The Snakes were Banished from Ireland....


Tales Around an Open Peat Fire.....


It was late 1947 and I guess that mum, (God Rest her soul), must have been pregnant once again.   That was nothing unusual for it seemed to me, a seven year old, that she was always either just about to have a new baby, just had one, or she and the old man were thinking of having another.    In any case, off we were sent – and I must say not reluctantly – ‘down the country’ to the village in the centre of Ireland to stay with Granddad and Granny Gorman for a week or ten days.
Winter was coming on and when the wind blew across the local bog with rain coming down like stair-rods, there was little to do especially during the dark evenings.    In the summer it was the most wondrous place for a young boy and at such times, we, that is my brothers Ger and Jackie, would spend from dawn to dusk playing in the fields getting up to all sorts of mischief.    We drank water from the bog-holes or little stream and ate anything that we considered edible.   How on earth we never poisoned ourselves, God only knows........................
I suppose we survived on the principle that Granddad had taught us – ‘that anything a bird can eat, so also can humans’.    Proving his theory at times took some great willpower as I, as the youngest, was always the taster.   Anyway, we always had Granny Gorman’s doorstep cheese or jam sandwiches to fall back on.......
Well, as I say, there was little of that this time of year and we spent most of the darkening evenings sitting around the open peat fire singing songs, reciting poetry and telling stories.   Leastways, the older ones, especially Uncle Mick or Uncle Paddy told some of the most gruesome horror stories that I have ever heard and I would have been quite ashamed of myself if I had not been sitting in my favourite spot – the hob, right up against the fire under the chimneybreast.
You see, some of Uncle Mick’s stories used to frighten me so much that I sometimes peed in my pants.    Luckily, the heat from the fire usually dried me off before it was time for bed.
With the oil lamp flickering and throwing its dim light and shadows across the room and the fire cracking and spitting from the damp turf that was on it, it is now obvious why we as children could be frightened out of our wits with some of the ghost stories that were told.
Hold your tongue now Mick” Granddad spoke aloud after Uncle Mick had finished a most horrible yarn, “sure I’ll tell the lads a more gentle tale”.
He paused as he lit his pipe and began puffing the smoke towards the chimney.     We of course sat as if transfixed in anticipation for some of Granddad’s stories told of beauty, love and magic with not a trace of horror unlike those of my uncles...................

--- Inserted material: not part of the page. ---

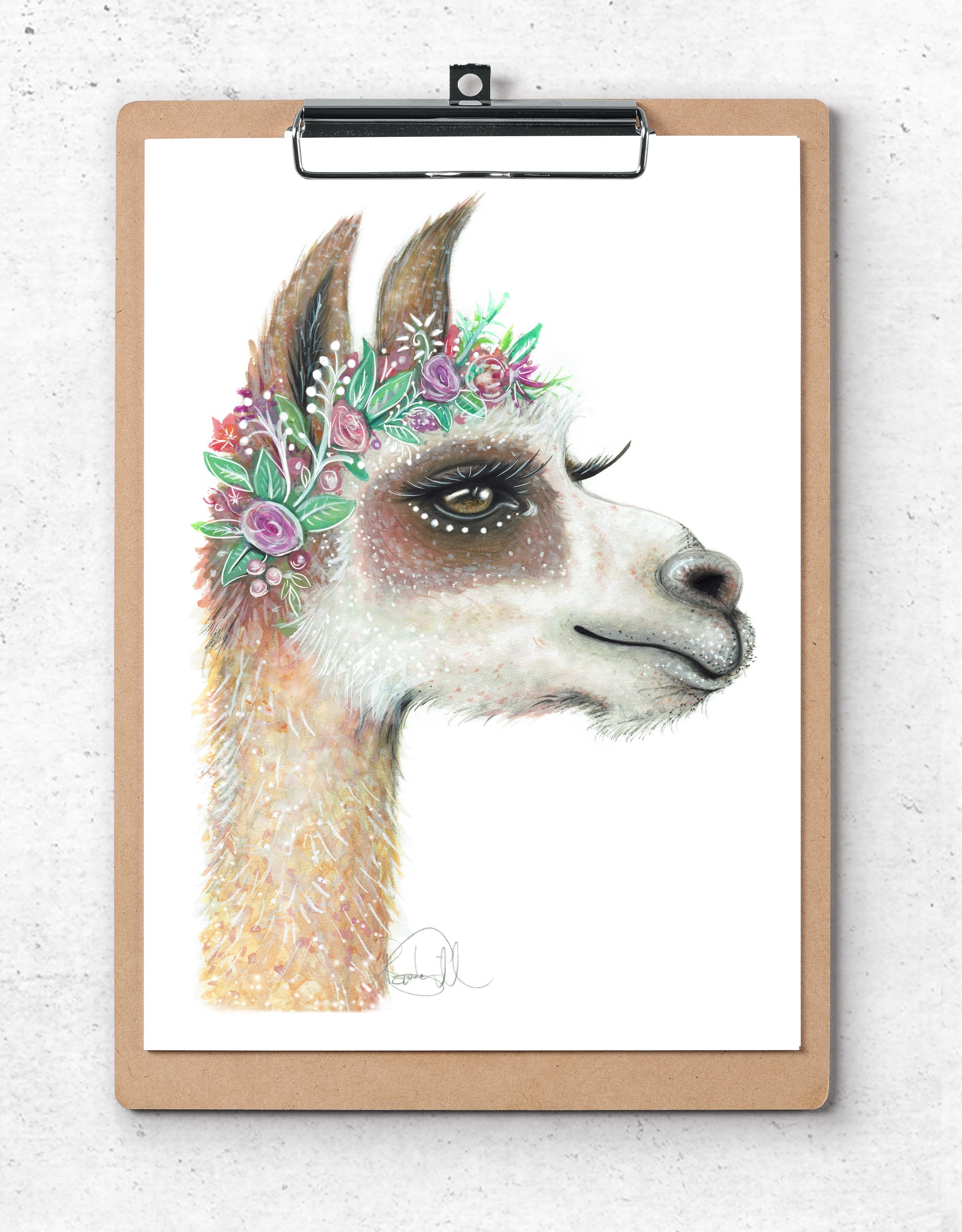 Welcome to Lola the Llama, originally drawn for a darling market friend of mine. This is her real life Llama that comes to the markets with her farmyard animals. Lola is real sweetheart and I think I captured her cute little hairs on her chin just perfectly!!!!

“If you all stay as quite as mice, I’ll tell you about the Oillipheist he began in that wonderful accent he had.    This animal or whatever you want to call it was a bloody big odd looking character with a body like a big snake and a head of a dragon that could breathe flame and smoke”.
He paused and looked around as if someone was listening from outside the front door.    “Oh Lord” I thought to myself “I better be careful because I think this might be a little bit of a horror story after all”.    Granddad must have guessed what I was thinking, as he always seemed to be able to do, then added “There’s no need to be frightened Mick, sure ‘tis a lovely story”.
Anyway” he continued, “who can tell me when Saint Patrick came to Ireland?”   Both Ger and Jackie came out with the reply “432” – whilst I did not have the slightest idea.   “And what was he famous for besides the religious things he did?”  Granddad again asked.    “Snakes” Jackie shouted, “He got rid of all the snakes out of Ireland”.
Personally I had never heard about that but Jackie was the one who knew all the gory bits about such things.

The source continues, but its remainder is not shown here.